* **ASSIGNMENT**
From the material below, reproduce exactly the stretch of lines that begins with the line holding "Красная линия, разделяющая" and ends with the line holding "Внутри будут все", skipping the pictures.

* **DATASET CONTENT**
_ _ _
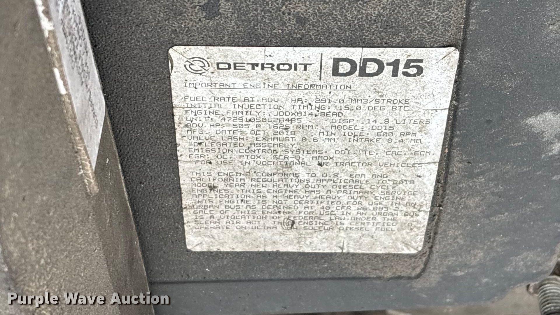 2019 Freightliner Cascadia semi truck. Miles: 1,021,945 on odometer, Hours: 28,642 on meter, VIN: 1FUJHHDR0KLKK9941, Unit #: 76925525. Engine Detroit Diesel DD15, Displacement: 14.8L, Cylinders: 6, Fuel type: Diesel, HP: 400, Engine brake. Transmission Automated manual. Chassis Axles: Tandem, Differential lock: Inter-axle, Suspension: Air Dump valves, Brakes: Air, GVWR: 52,000 lbs FAWR: 12,000 lbs, IAWR: 20,000 lbs, RAWR: 20,000 lbs, Wheelbase: 231". Interior AC, Heat, Heated mirrors, Power windows, Power locks, Cruise control, Air ride cab, Sleeper Sleeper length: 60", Beds: Double bunk, Refrigerator, Rear climate control. Features Deck plate: Aluminum, Fifth wheel type: Air operated, Fuel tank: Dual. Tires Size: 295/75R22.5. Notes Dash warning indicator: Check engine, Windshield chipped or cracked, Drive line disconnected, Possible engine issues, turns over but will not start , Unknown operating condition , Unit must be towed or hauled. Repossessed item, stored at a secured facility. Please review REQUIRED REMOVAL INSTRUCTIONS. Titles will be distributed after confirmation of payment and removal. Indiana title. Title distribution may be delayed up to 30 days from verification of funds. Lender Owned. 2408 West 21st Street South. Tulsa, OK 74107
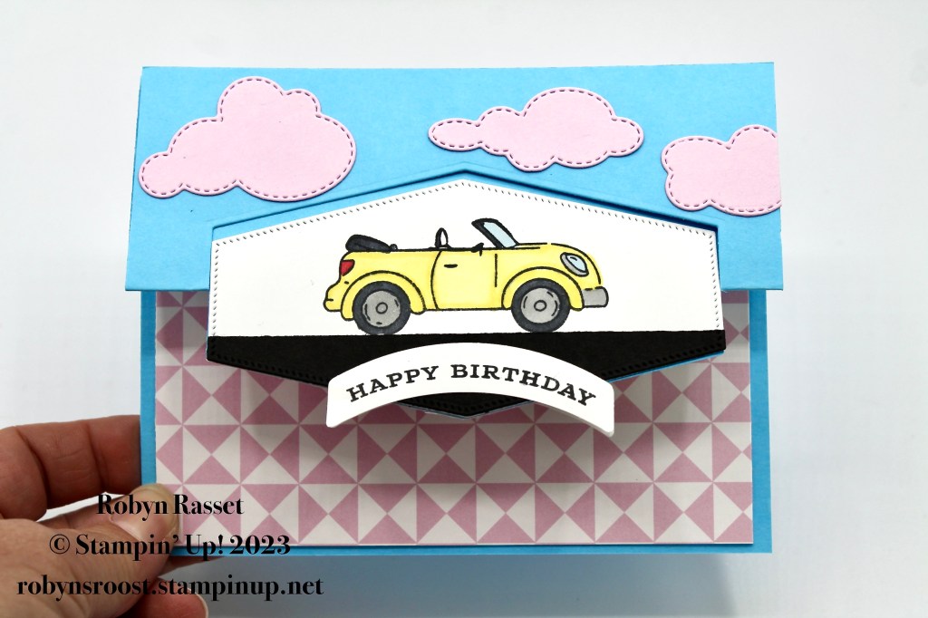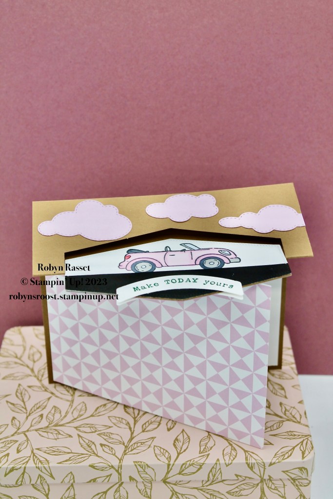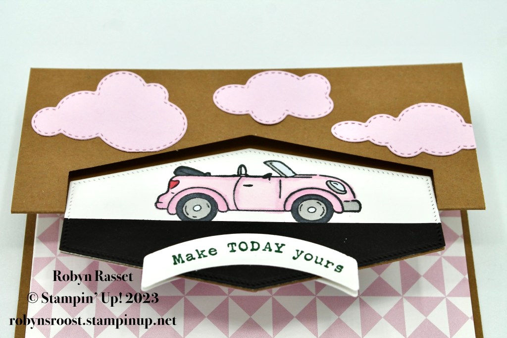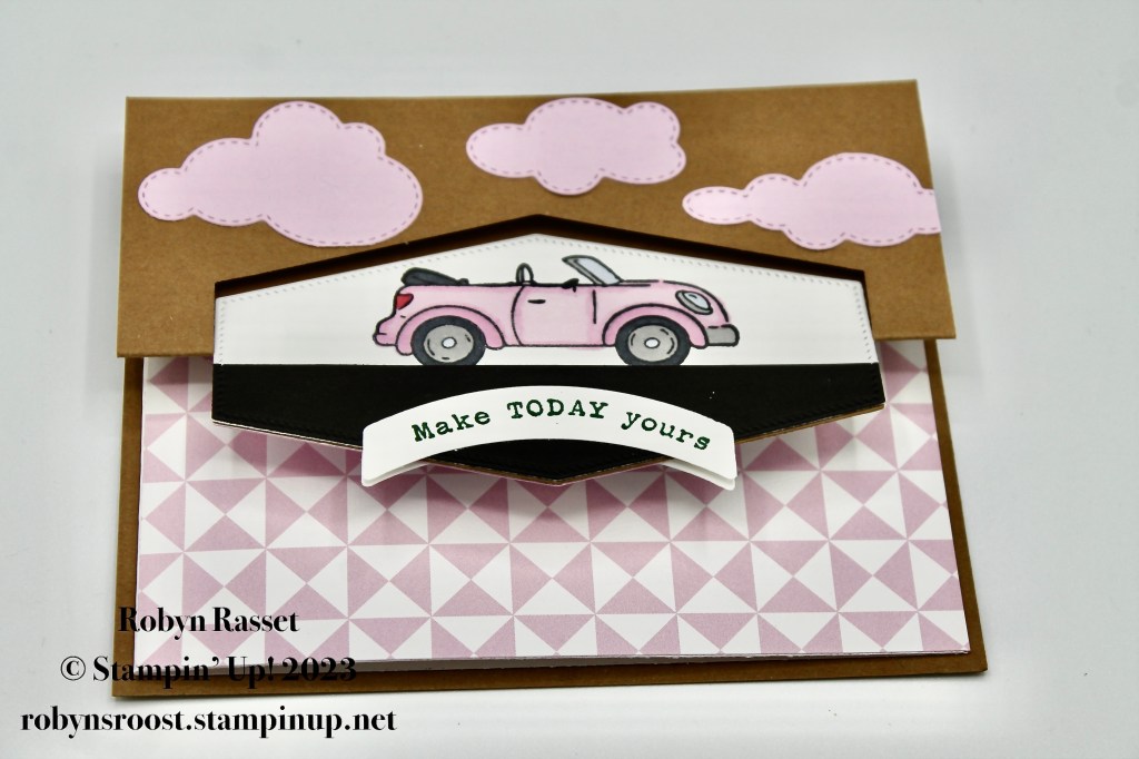 The first card uses a Pecan Pie and Bubble Bath color scheme with a little pink convertible.
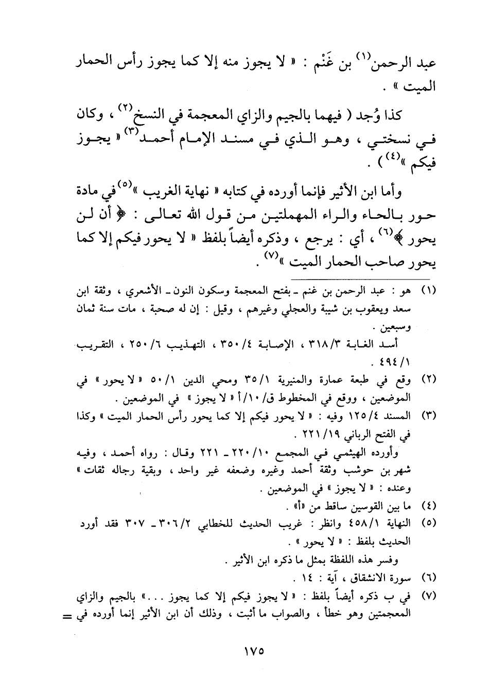 وأما ابن الأثير فإنما أورده في كتابه "نهاية الغريب" في مادة حور بالحاء والراء المهملتين من قول الله تعالى: {أَنْ لَنْ يَحُورَ}، أي: يرجع، وذكره أيضاً بلفظ "لا يحور فيكم إلا كما يحور صاحب الحمار الميت".
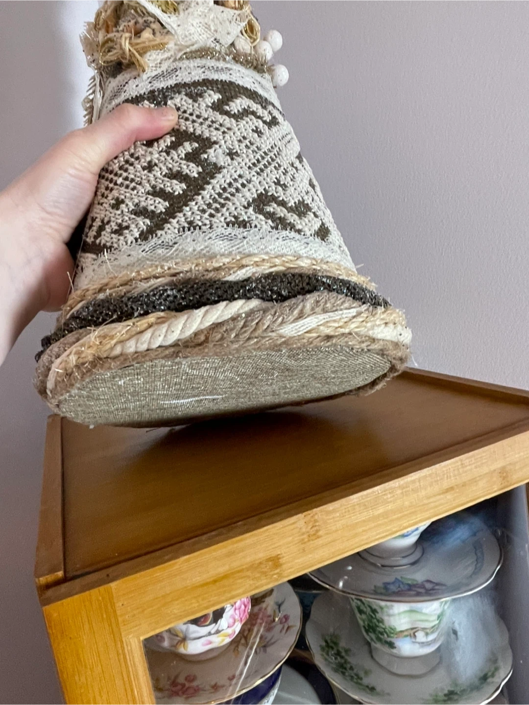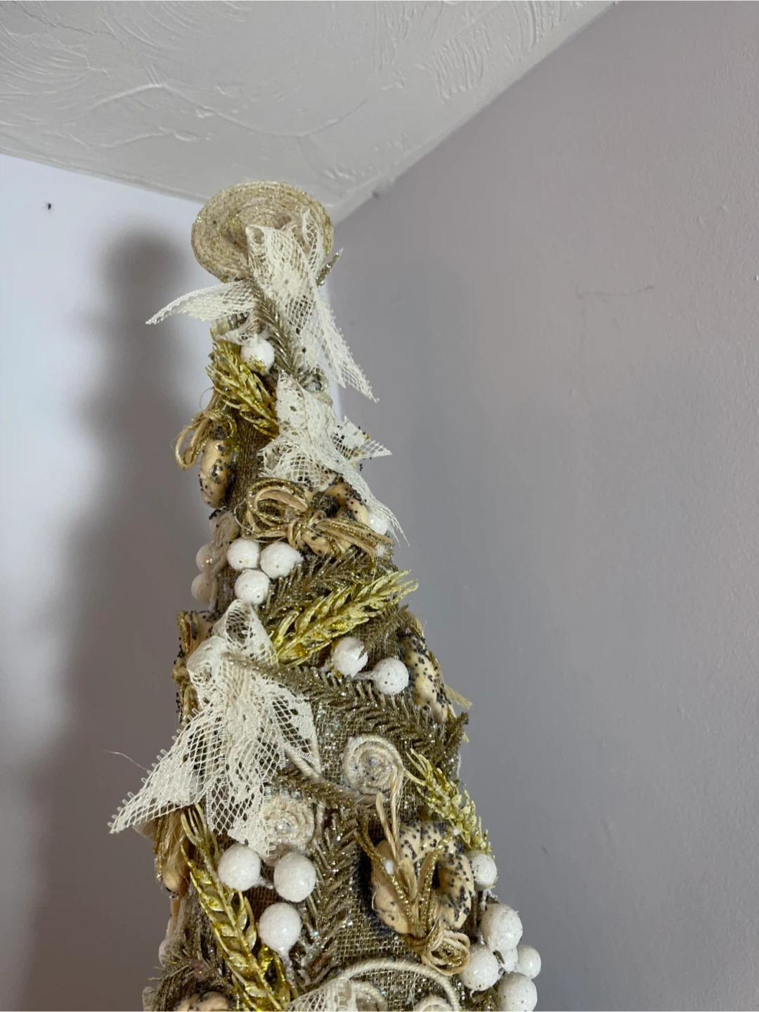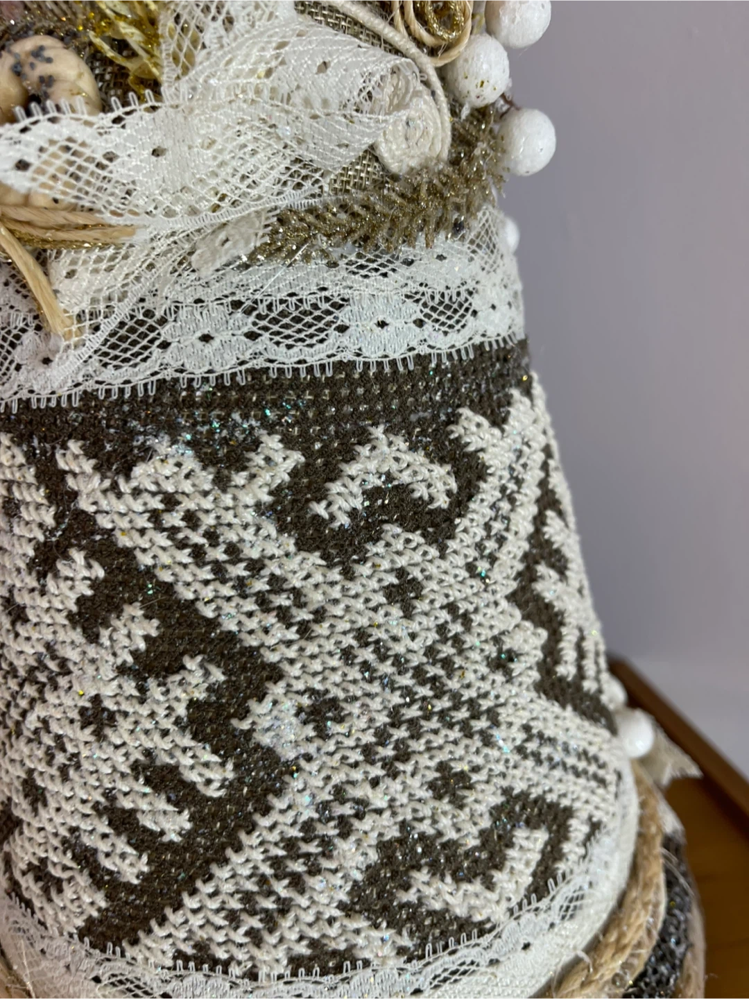 Selling a unique handmade decorative Christmas tree! It's beautifully crafted with lace, beads, and textured fabrics. Perfect for adding a touch of rustic charm to your holiday decor this season
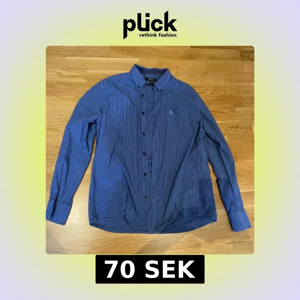 Snygg blå skjorta med tunna vita ränder och klassisk krage. Skjortan har svarta knappar, bröstficka med broderad logga och långa ärmar med manschett. Perfekt för dig som gillar stilren och enkel design.
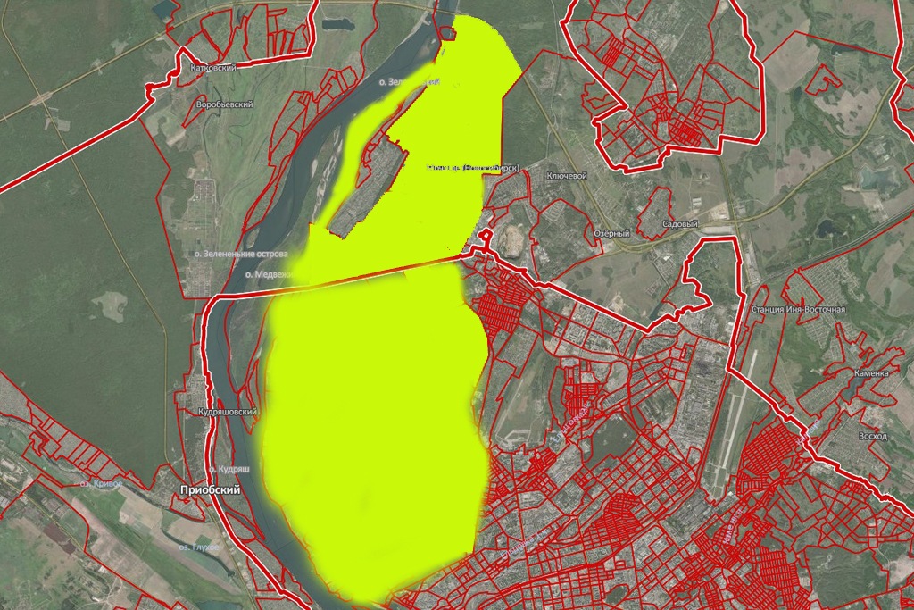 Красная линия, разделяющая территорию — граница Новосибирска и Новосибирского района
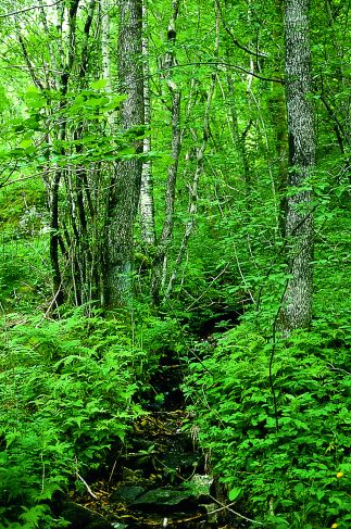 Complex of mixed deciduous forests in which Ulmus glabra, Fraxinus excelsior dominate in the tree layer. The shrub layer is moderately to weakly developed, and often dominated by Corylus avellana. The herb layer is mostly species-rich. On shallow to rocky slopes at higher altitudes in neighbouring biomes there are birch and pine forests.
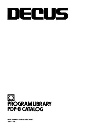 This document is the DECUS Program Library PDP-8 Catalog, published in August 1978 by the Digital Equipment Computer Users Society (DECUS).
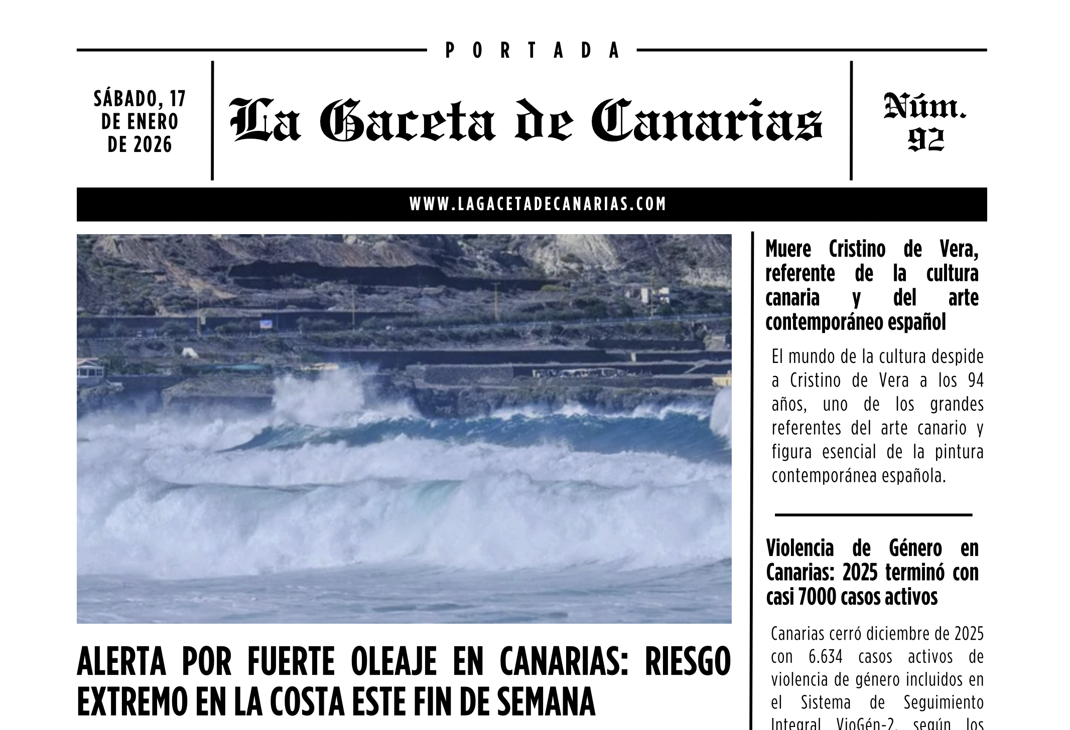 Ya está disponible la portada de La Gaceta de Canarias para este sábado, 17 de enero de 2026. Puedes descargarla aquí.Portada La Gaceta de Canarias (3)
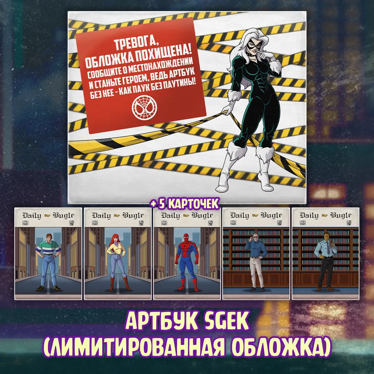 Внутри будут все 65 артов (по одной на серию), созданных дружелюбным паучьим художником SGek в коллаборации со студией озвучки "Студия 616", а так же несколько страниц с комментариями. Кстати, специально для артбука SGek переработает все арты — кое-где поправит цвета, а где-то и персонажа перерисует заново, в общем, освежит паучий сборник для давних поклонников и новичков. А вот пример изменений на лимитированной обложке:
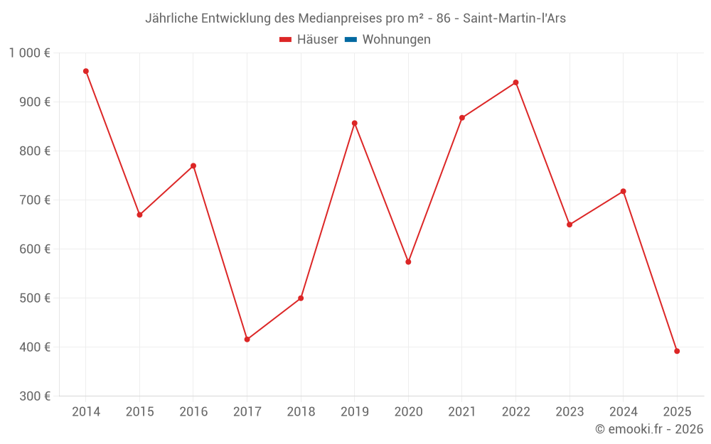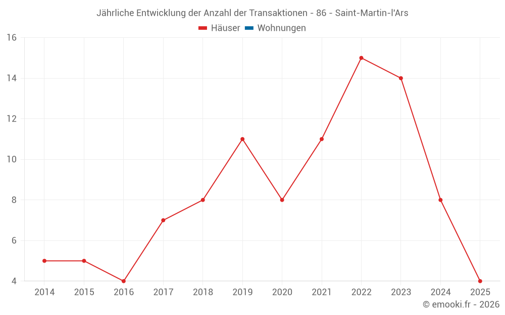 Der Durchschnittspreis auf den 23 Hausgeschäften der letzten 24 Monate in der Gemeinde Saint-Martin-l'Ars betrug 571 € pro Quadratmeter für einen mittleren Immobilienwert von 60 000 €. Über diesen Zeitraum hinweg lagen 60% der Transaktionen zwischen 315 und 937 € pro Quadratmeter (vom 2. bis zum 8. Dezil).
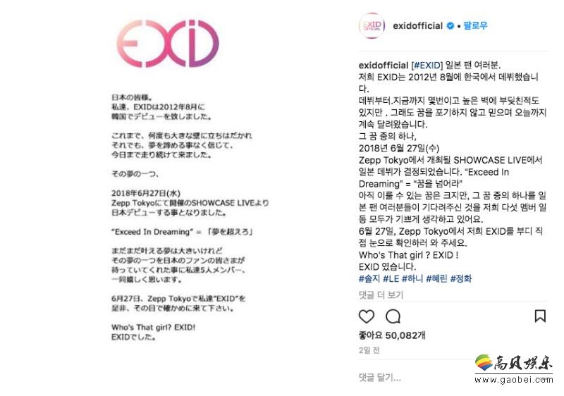 EXID 这周在官方 Instagram 上公开了官方声明,开头就向日本的粉丝喊话:「我们 EXID 於 2012 年 8 月在韩国出道,从当时至今虽然有好几次撞上高高的墙,但我们始终没有放弃梦想、一直带著信念来到了今天。」
_ _ _
* **RESPONSE BELOW**
 Красная линия, разделяющая территорию — граница Новосибирска и Новосибирского района
 Complex of mixed deciduous forests in which Ulmus glabra, Fraxinus excelsior dominate in the tree layer. The shrub layer is moderately to weakly developed, and often dominated by Corylus avellana. The herb layer is mostly species-rich. On shallow to rocky slopes at higher altitudes in neighbouring biomes there are birch and pine forests.
 This document is the DECUS Program Library PDP-8 Catalog, published in August 1978 by the Digital Equipment Computer Users Society (DECUS).
 Ya está disponible la portada de La Gaceta de Canarias para este sábado, 17 de enero de 2026. Puedes descargarla aquí.Portada La Gaceta de Canarias (3)
 Внутри будут все 65 артов (по одной на серию), созданных дружелюбным паучьим художником SGek в коллаборации со студией озвучки "Студия 616", а так же несколько страниц с комментариями. Кстати, специально для артбука SGek переработает все арты — кое-где поправит цвета, а где-то и персонажа перерисует заново, в общем, освежит паучий сборник для давних поклонников и новичков. А вот пример изменений на лимитированной обложке:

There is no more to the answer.